Workers of the Diário de Notícias (DN) and Jornal de Notícias (JN) have already received their salaries for December this Thursday, several journalists confirmed to Luse.
One of the interlocutors clarified to Lusa that the payment concerns only last month’s salary and does not include the Christmas bonus.
Grupo Bel has guaranteed Vasp to advance money to Global Media to pay December salaries to the group’s workers, a source connected to the process told Lusa on Wednesday.
“Workers working on Global Notícias publications will continue on January 23 without receiving wages for December, Christmas pay, in some cases holiday pay, and in the case of employees (service providers) November,” the Global Media union said. Group (GMG) said on Wednesday in a statement released late in the day.
However, after it became known that the GMG general meeting, the agenda of which included the issue of dismissal of the current board of directors, would be held on February 19, union delegates expressed surprise and indignation at this date.
According to the ERC, Páginas Civilizada’s actual participation in GMG amounts to 50.25% of capital and voting rights. This position is calculated from the sum of direct ownership of 41.51% and indirect ownership through Grandes Notícias Lda of 8.74%.

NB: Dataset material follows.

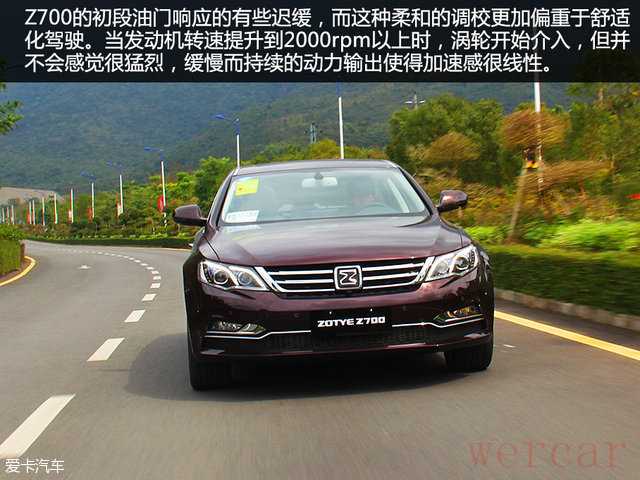 Z700的底盘调校偏向于舒适化的定位,在动力方面表现平平,没有非常强劲的动力输出,变速箱较为平顺,对于日常使用来说算是够用,同时也能够获得较好的燃油经济性。

The WOF Foundation owns 25.628% of GMG shares and voting rights.
In turn, Grupo Bel, owned by Marco Galinha, directly and through its companies Norma Erudita, Lda. and Palavras de Prestígio, Lda., holds an effective share of 24.623% of the share capital and voting rights of the owner of Diário. de Notícias (DN), Jornal de Notícias (JN), TSF, O Jogo, Dinheiro Vivo, Açoriano Oriental and others.
KNJ, owned by Kevin Ho, owns 29.350%, while Jose Pedro Soeiro owns 20.400%.
In short, Global Media is directly owned by Páginas Civilizada (41.510%), KNJ (29.350%), José Pedro Soeiro (20.400%) and Grandes Notícias (8.740%).
Last week, the Global Opportunity Fund, which controls GMG, said it was unable to transfer money to pay outstanding wages pending a decision by the ERC regulator and a supposed precautionary procedure.
On December 6, in an internal statement, GMG’s executive committee, headed by José Paulo Fafe, announced that it would urgently negotiate layoffs with 150–200 workers and embark on a restructuring that it said was necessary to avoid “more than the foreseeable outcome ” bankruptcy of the group.”
On September 21, WOF acquired a 51% stake in Páginas Civilizados.